Sql-server – DISTINCT Query on an INNER JOIN

join;sql serversql-server-2008t-sql

I have two tables, one (ARTISTS) with a list of different artists, details and biographies, but no images. I have another table (ARCHIVECATALOGUES), full of auction results, which have the images I need. I want to generate a query which will give me all of the detail from the ARTISTS table, and include an image (does not matter which one) from the other table for each of the artists.
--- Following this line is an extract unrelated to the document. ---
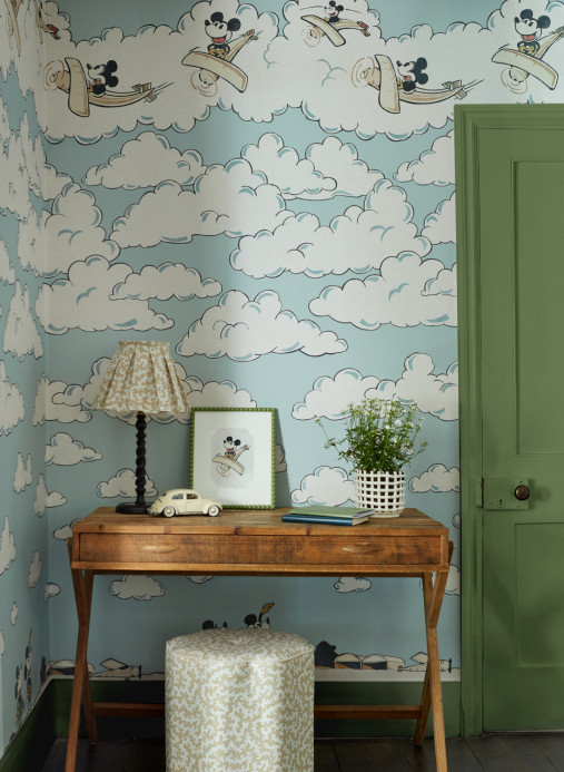 The wallpaper shows Walt Disney's Mickey Mouse high up in the clouds. The aeroplane motif was first produced by Sanderson in 1930 and was part of a decorative border. For the new edition, it has been combined with other Disney design elements to create a larger pattern. It is characterised by an enchanting vintage aesthetic.

So I need a query which INNER JOINs the two tables. The query below is pulling every result from the ARCHIVESCATALOGUE table, i.e. multiple results per artist. But I only need one result per artist. I used DISTINCT on the artist.ArtistID field, but to no avail. Here is the code:

SELECT DISTINCT artist.ArtistID
    ,ArchiveCatalogues.IMAGER
    ,ArchiveCatalogues.AUCTION
    ,artist.surname
    ,artist.firstnames
    ,artist.dates
    ,artist.honorific
    ,artist.biog
FROM artist
INNER JOIN ArchiveCatalogues ON (ArchiveCatalogues.ARTIST = artist.surname)
    AND (ArchiveCatalogues.FIRSTNAME = artist.firstnames)
WHERE artist.surname >= H *
    AND artist.surname < I
GROUP BY artist.surname
    ,artist.firstnames
    ,artist.dates
    ,artist.honorific
    ,artist.biog
    ,ArchiveCatalogues.AUCTION
    ,artist.ArtistID
    ,ArchiveCatalogues.IMAGER

Perhaps I should be using OUTER JOIN?

Best Answer

First (common misunderstanding), distinct is not applied to individual columns, what you get is distinct rows. This is exactly the same as your GROUP BYdoes, so distinct is redundant.

Second, you need to determine which row among duplicates that you are interested in (or get a random one). You can use window functions to achieve this by enumerating ArchiveCatalogues per Artists:

 SELECT artist.ArtistID
    ,ArchiveCatalogues.IMAGER
    ,ArchiveCatalogues.AUCTION
    ,artist.surname
    ,artist.firstnames
    ,artist.dates
    ,artist.honorific
    ,artist.biog
    , row_number() over (partition by artist.ArtistID
                      -- add wanted order her as:
                      -- order by ...
                        ) as rn
FROM artist
JOIN ArchiveCatalogues 
    ON ArchiveCatalogues.ARTIST = artist.surname
   AND ArchiveCatalogues.FIRSTNAME = artist.firstnames
WHERE artist.surname >= H *
  AND artist.surname < I

Note that I removed the group by since I'm not sure what the purpose was. Now you can select the first row from there:

SELECT ArtistID
     , IMAGER
     , AUCTION
     , surname
     , firstnames
     , dates
     , honorific
     , biog
FROM (
    SELECT artist.ArtistID
        ,ArchiveCatalogues.IMAGER
        ,ArchiveCatalogues.AUCTION
        ,artist.surname
        ,artist.firstnames
        ,artist.dates
        ,artist.honorific
        ,artist.biog
        , row_number() over (partition by artist.ArtistID
                          -- add wanted order her as:
                          -- order by ...
                            ) as rn
    FROM artist
    JOIN ArchiveCatalogues 
        ON ArchiveCatalogues.ARTIST = artist.surname
       AND ArchiveCatalogues.FIRSTNAME = artist.firstnames
    WHERE artist.surname >= H *
      AND artist.surname < I
) as T
WHERE rn = 1;

The join looks strange but it's hard to tell without knowing what the tables and their key's look like.